Tomar a decisão nem sempre é fácil. Isso porque o processo começa bem antes da sala de cirurgia e exige acompanhamento. O lado bom, são os quilos a menos. Mas a operação pode causar problemas como refluxo, anemia e grandes chances de transferir a compulsão por comida para outro vício, como o álcool.

“O defeito dessas operações não é só vomitar ou passar mal. É esperado que o paciente abuse. O defeito é que você pode ter deficiência de vitamina e isso acontece ainda mais nas mulheres. Outra preocupação é que, como a cirurgia acaba com a fome, mas não com a vontade de comer, o operado precisa de acompanhamento psicológico para não transferir a compulsão”, explica Rafael.

 

Dieta e pós-operatório 
A primeira etapa após a cirurgia dura 15 dias e é marcada por uma dieta líquida, em que é liberado água de coco, isotônicos, suco e chá com adoçante. Depois disso, já é possível ingerir alimentos pastosos, como sopa. Os alimentos sólidos só entram no cardápio após o primeiro mês.

“O que pega mais é a vontade de mastigar. Eu não tinha fome, mas tinha necessidade de mastigar e por isso os primeiros dias foram bem complicados”, relembra Carolina. Para ela a compulsão também foi o maior obstáculo. “Um dia tive muita vontade provar melancia, dei duas mordidas e sentia que tinha comido uma feijoada inteira. A necessidade física já estava esgotada, mas o pensamento de gordinha ainda era o mesmo”, conta.

Uma vez operado, é preciso colocar o pé no freio e diminuir as porções. “A comida do paciente tem que caber na palma da mão e não pode passar de 200 g para o resto da vida.

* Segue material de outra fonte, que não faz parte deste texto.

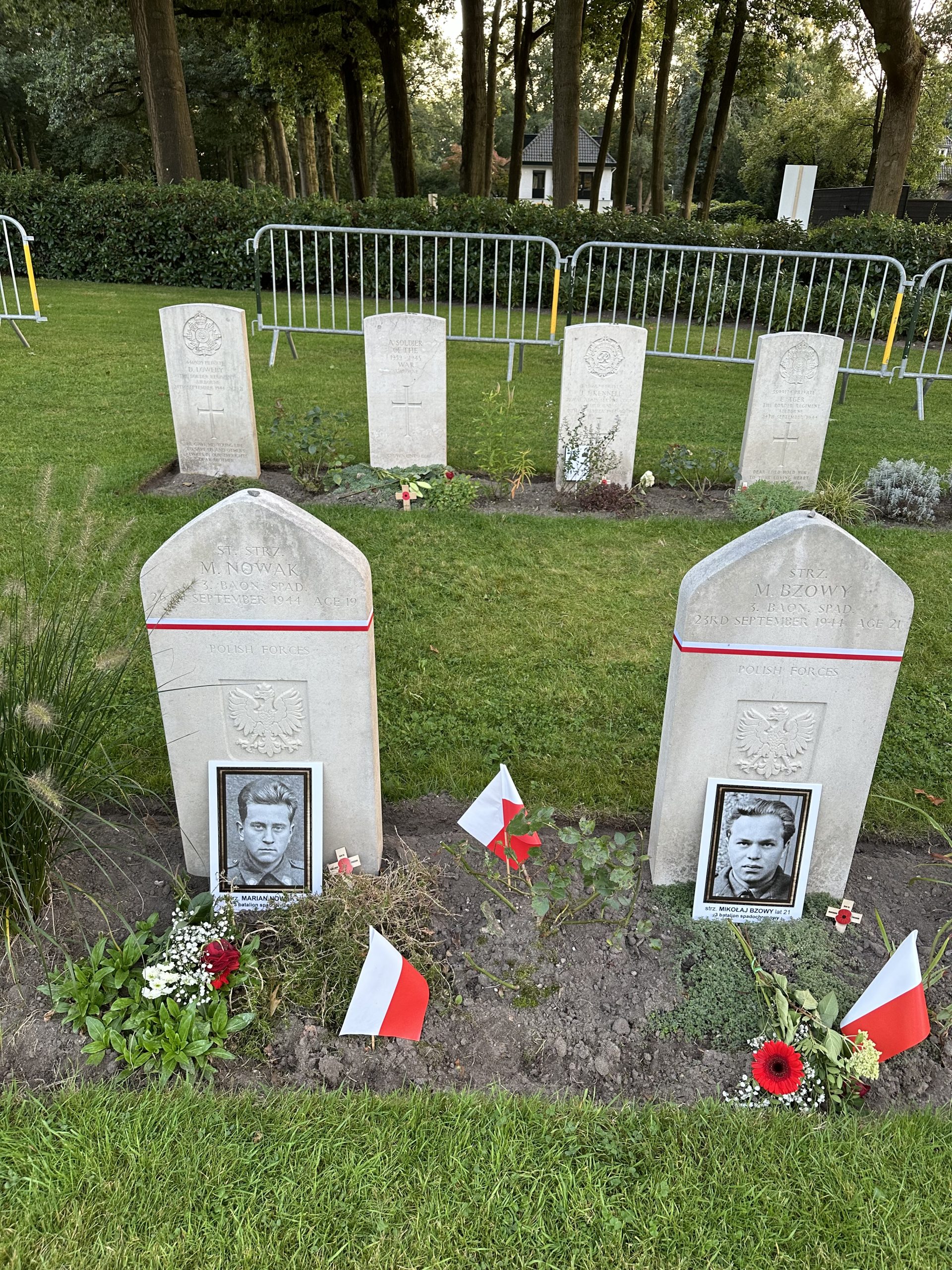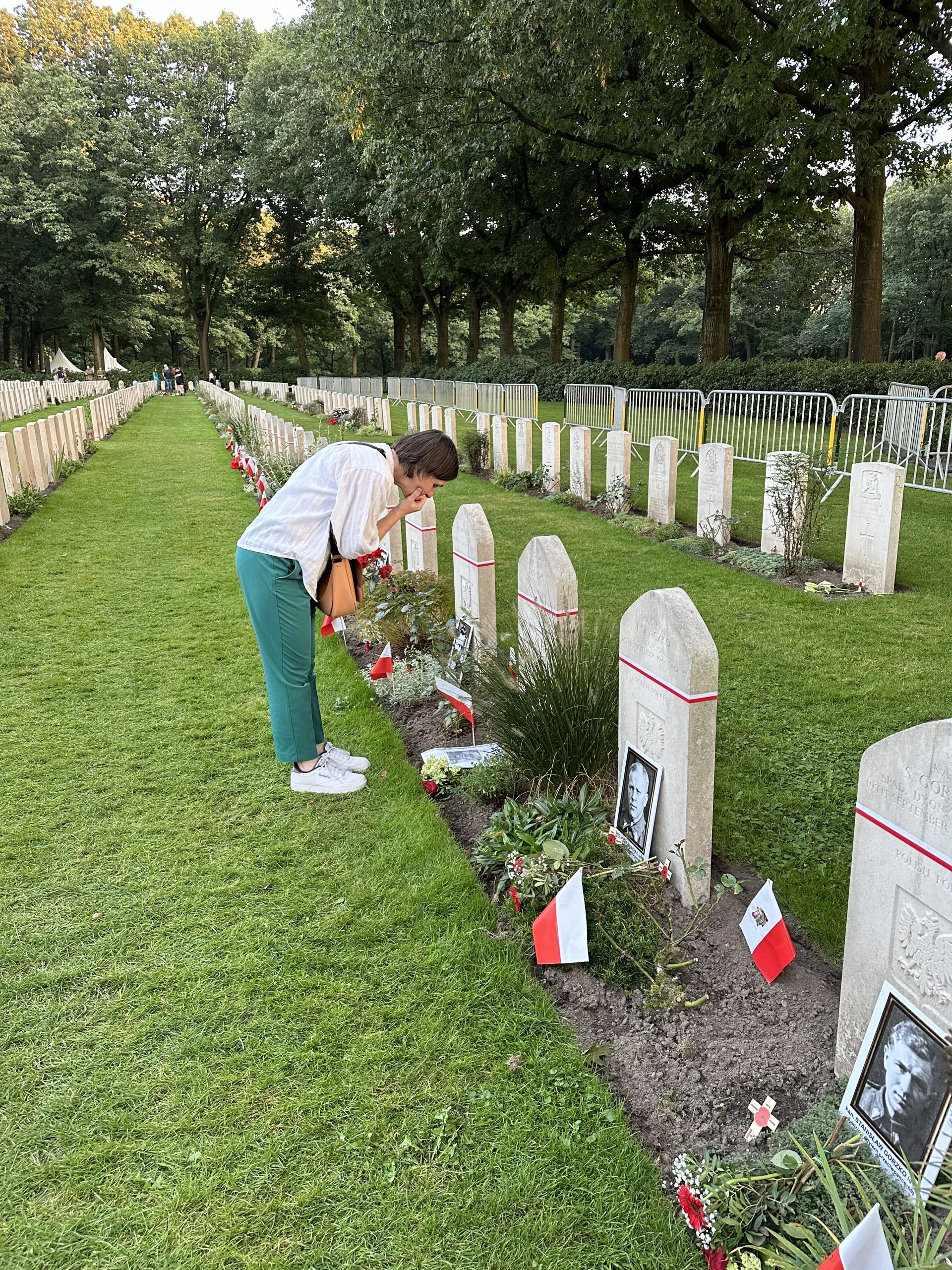 Z Driel udaliśmy się na cmentarz wojenny w Oosterbeek. Tam zapaliliśmy znicze na grobach polskich żołnierzy 1. Brygady Spadochronowej.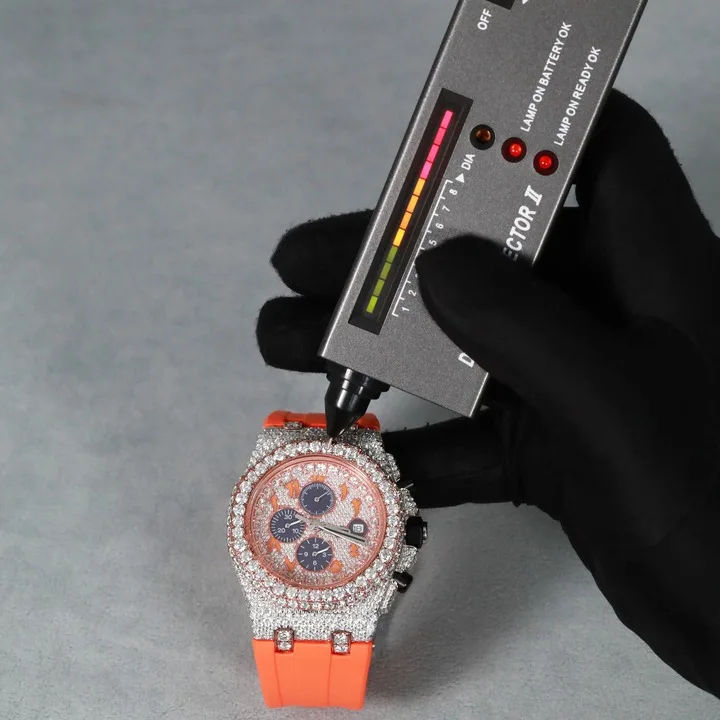 Custom Full Iced Out Round Moissanite Diamond Classic Date White Dial Features Diamond Watch For Men Gift in Orange Rubber Band

Se achar que vai operar para tomar refrigerante e comer à vontade, não opera”, alerta o cirurgião.

 

Conheça algumas técnicas 

Banda gástrica ajustável: Um dispositivo de silicone é colocado na parte superior do estômago e divide o órgão em dois, o que desacelera a digestão e aumenta a saciedade. “O estômago vai funcionar como uma ampulheta, mas o problema é que você pode ingerir sorvete, chocolate líquido ou qualquer porção calórica que prejudica a perda de peso”, explica Rafael.

Balão gástrico: Não necessita de cirurgia. Por meio de uma endoscopia, um balão é colocado dentro do estômago e diminui o espaço para a comida, o que aumenta a saciedade. A técnica dura seis meses.

Capella: Cirurgia que liga o estômago ao fim do intestino. Sendo assim, o alimento faz um caminho bem curto dentro do organismo. “Essa técnica é a mais utilizada no Brasil e funciona como um grampeador. Se abusar de doce e gordura, o operado pode passar mal”, afirma o médico cirurgião do aparelho digestivo.

 

Scopinaro : O estômago é reduzido cirurgicamente e ligado diretamente ao intestino delgado. Assim, apenas 3 m de íleo (parte do intestino) recebe o suco bileopancreático. Com isso, ocorre a má absorção de gorduras e pode haver diarreias frequentes caso o paciente se alimente de forma incorreta.

Interposição do íleo: Cirurgia que retira uma parte do estômago e do íleo (parte do intestino delgado). Essa parte é colocada entre o jejuno e o duodeno (parte superior do intestino). Assim, o alimento chega menos digerido ao íleo e o organismo passa a produzir mais hormônios que curam a diabetes tipo 2. A técnica ainda é proibida no Brasil
Duodenal Switch Modificado: Processo que reduz o estômago e faz um desvio para o intestino delgado. Dessa forma, a ingestão e absorção de alimentos é menor.

Gastroplastia vertical: O estômago é reduzido para 1/3 de sua capacidade, o que obriga o paciente a ingerir pequenas porções de alimentos.